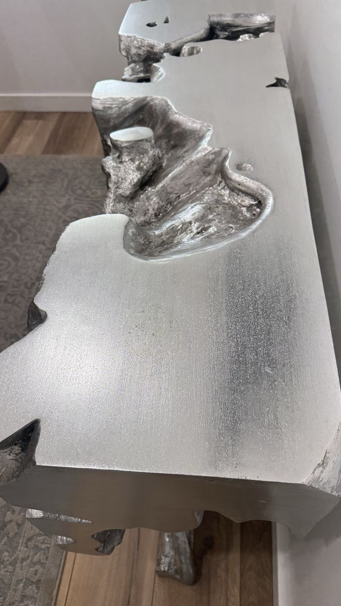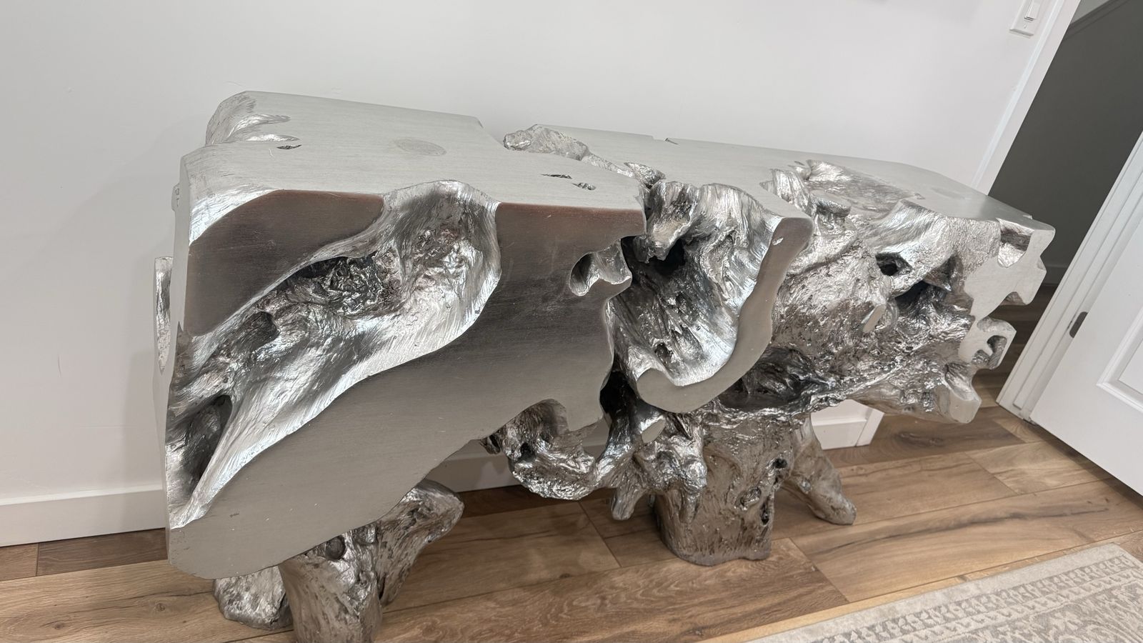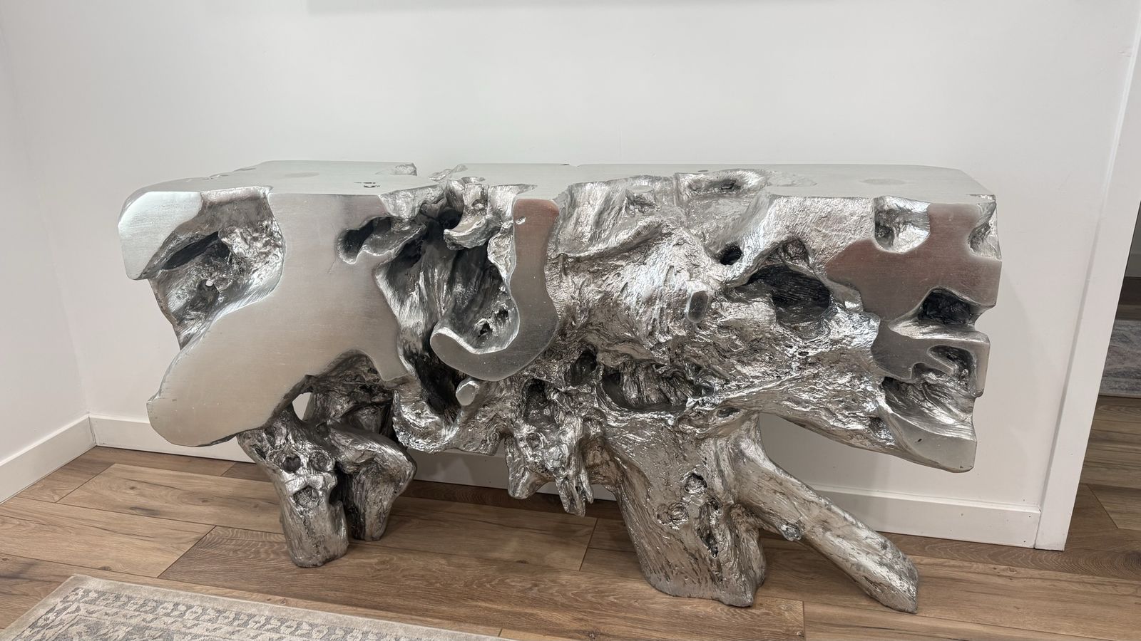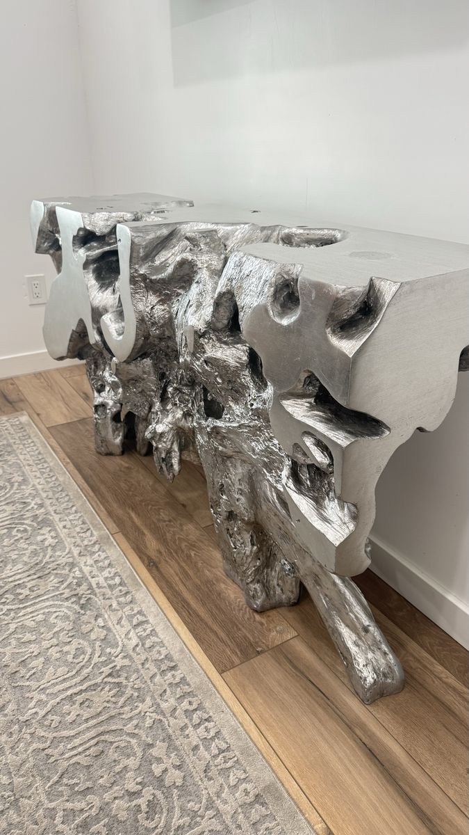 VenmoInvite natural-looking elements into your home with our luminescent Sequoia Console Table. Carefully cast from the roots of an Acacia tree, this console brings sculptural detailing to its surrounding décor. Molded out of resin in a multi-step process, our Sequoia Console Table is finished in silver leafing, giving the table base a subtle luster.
**********
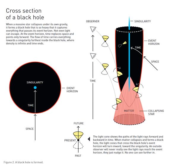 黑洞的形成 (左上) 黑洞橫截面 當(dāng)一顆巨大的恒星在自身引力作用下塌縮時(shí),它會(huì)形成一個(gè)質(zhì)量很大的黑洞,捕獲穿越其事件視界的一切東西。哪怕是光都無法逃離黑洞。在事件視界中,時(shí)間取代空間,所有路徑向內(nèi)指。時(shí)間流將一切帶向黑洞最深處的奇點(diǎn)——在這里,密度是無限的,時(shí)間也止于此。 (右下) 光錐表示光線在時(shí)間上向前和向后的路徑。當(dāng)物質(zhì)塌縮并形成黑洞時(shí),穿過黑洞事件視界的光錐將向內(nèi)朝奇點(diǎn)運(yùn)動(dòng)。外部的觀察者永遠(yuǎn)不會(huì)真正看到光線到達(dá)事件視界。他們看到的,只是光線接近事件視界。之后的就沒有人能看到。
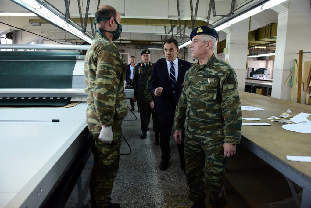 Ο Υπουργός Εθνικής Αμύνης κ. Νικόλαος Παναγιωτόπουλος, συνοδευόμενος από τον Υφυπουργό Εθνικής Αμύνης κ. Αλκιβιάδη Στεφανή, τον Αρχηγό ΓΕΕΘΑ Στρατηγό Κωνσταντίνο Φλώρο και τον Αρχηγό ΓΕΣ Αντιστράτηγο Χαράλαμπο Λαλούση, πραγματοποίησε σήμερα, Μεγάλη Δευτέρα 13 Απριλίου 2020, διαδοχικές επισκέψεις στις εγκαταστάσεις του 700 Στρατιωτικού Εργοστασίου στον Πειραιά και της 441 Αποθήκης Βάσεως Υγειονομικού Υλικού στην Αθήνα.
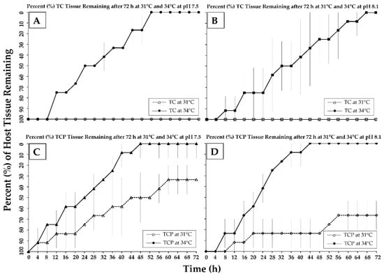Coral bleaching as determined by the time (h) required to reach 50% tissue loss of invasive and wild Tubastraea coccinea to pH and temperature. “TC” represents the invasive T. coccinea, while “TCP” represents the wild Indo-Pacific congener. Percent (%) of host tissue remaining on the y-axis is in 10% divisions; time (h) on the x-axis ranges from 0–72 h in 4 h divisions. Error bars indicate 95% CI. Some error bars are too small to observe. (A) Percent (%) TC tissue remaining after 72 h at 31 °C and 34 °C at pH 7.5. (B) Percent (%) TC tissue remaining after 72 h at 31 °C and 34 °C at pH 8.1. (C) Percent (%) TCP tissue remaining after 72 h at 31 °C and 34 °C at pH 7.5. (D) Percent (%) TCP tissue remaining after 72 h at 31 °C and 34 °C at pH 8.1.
**********
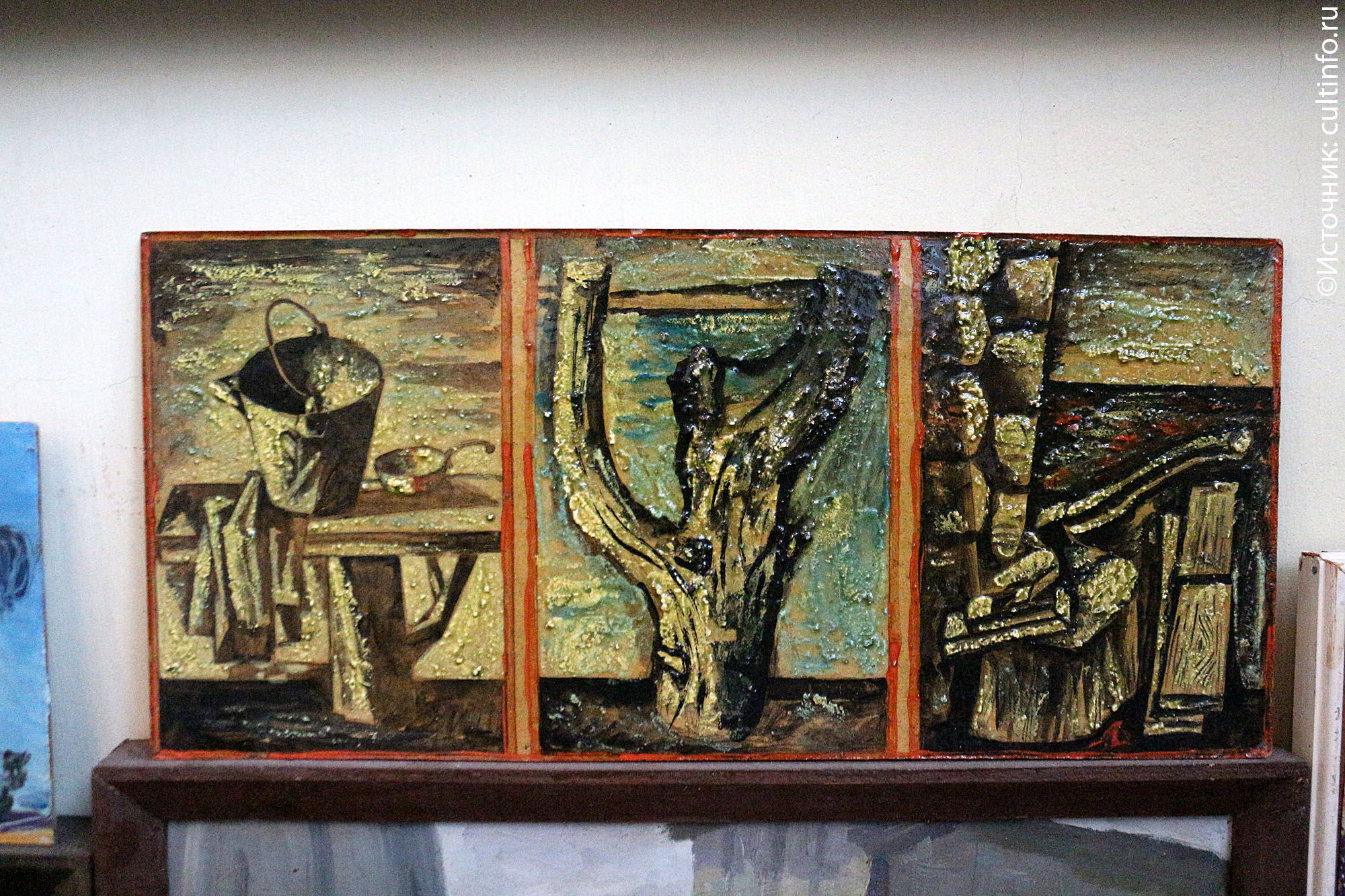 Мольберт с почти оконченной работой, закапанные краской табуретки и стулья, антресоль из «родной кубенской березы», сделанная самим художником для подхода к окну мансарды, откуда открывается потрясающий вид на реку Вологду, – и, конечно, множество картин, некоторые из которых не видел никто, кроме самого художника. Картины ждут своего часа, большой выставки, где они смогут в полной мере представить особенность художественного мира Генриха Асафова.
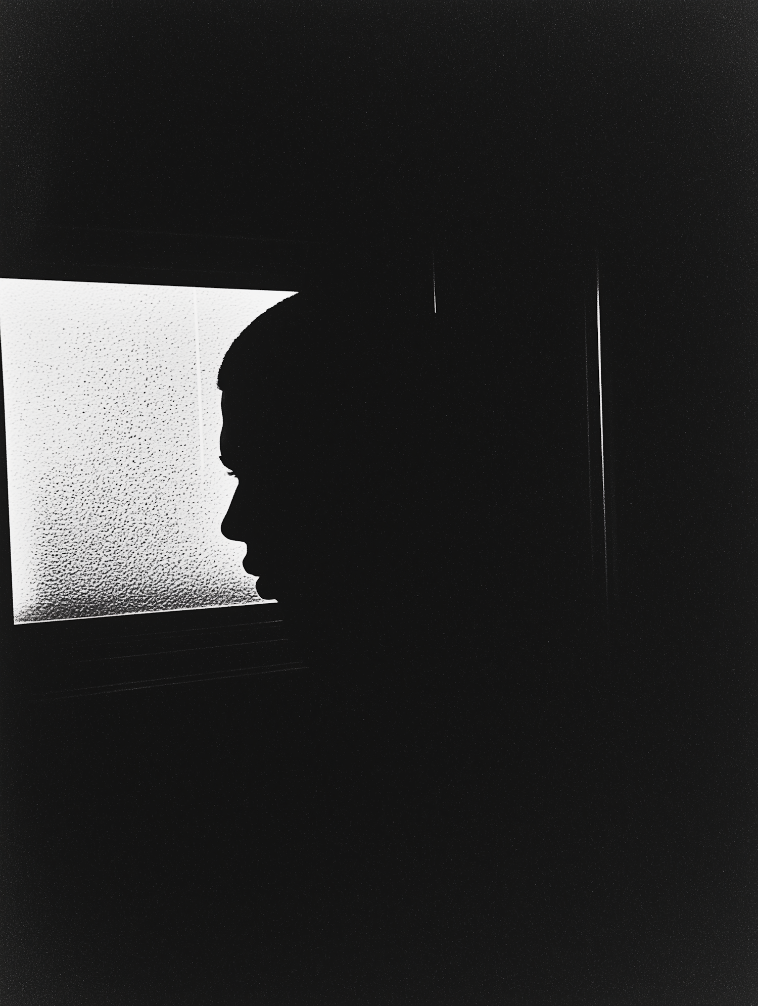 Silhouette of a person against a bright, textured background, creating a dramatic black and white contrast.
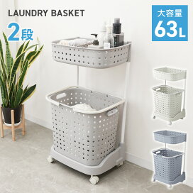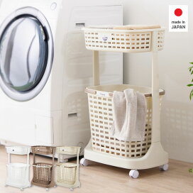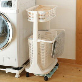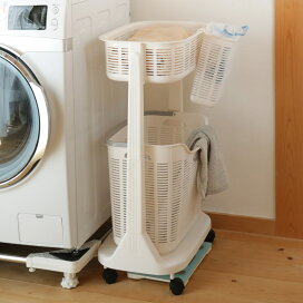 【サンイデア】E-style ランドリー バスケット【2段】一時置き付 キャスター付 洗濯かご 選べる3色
**********
— Assigned task —
From the listing above, repeat only the lines between the line containing "黑洞的形成 (左上) 黑洞橫截面" and the line containing "Ο Υπουργός Εθνικής", those two included. Pictures are not part of the copy.

— Answer —
 黑洞的形成 (左上) 黑洞橫截面 當(dāng)一顆巨大的恒星在自身引力作用下塌縮時(shí),它會(huì)形成一個(gè)質(zhì)量很大的黑洞,捕獲穿越其事件視界的一切東西。哪怕是光都無法逃離黑洞。在事件視界中,時(shí)間取代空間,所有路徑向內(nèi)指。時(shí)間流將一切帶向黑洞最深處的奇點(diǎn)——在這里,密度是無限的,時(shí)間也止于此。 (右下) 光錐表示光線在時(shí)間上向前和向后的路徑。當(dāng)物質(zhì)塌縮并形成黑洞時(shí),穿過黑洞事件視界的光錐將向內(nèi)朝奇點(diǎn)運(yùn)動(dòng)。外部的觀察者永遠(yuǎn)不會(huì)真正看到光線到達(dá)事件視界。他們看到的,只是光線接近事件視界。之后的就沒有人能看到。
 Ο Υπουργός Εθνικής Αμύνης κ. Νικόλαος Παναγιωτόπουλος, συνοδευόμενος από τον Υφυπουργό Εθνικής Αμύνης κ. Αλκιβιάδη Στεφανή, τον Αρχηγό ΓΕΕΘΑ Στρατηγό Κωνσταντίνο Φλώρο και τον Αρχηγό ΓΕΣ Αντιστράτηγο Χαράλαμπο Λαλούση, πραγματοποίησε σήμερα, Μεγάλη Δευτέρα 13 Απριλίου 2020, διαδοχικές επισκέψεις στις εγκαταστάσεις του 700 Στρατιωτικού Εργοστασίου στον Πειραιά και της 441 Αποθήκης Βάσεως Υγειονομικού Υλικού στην Αθήνα.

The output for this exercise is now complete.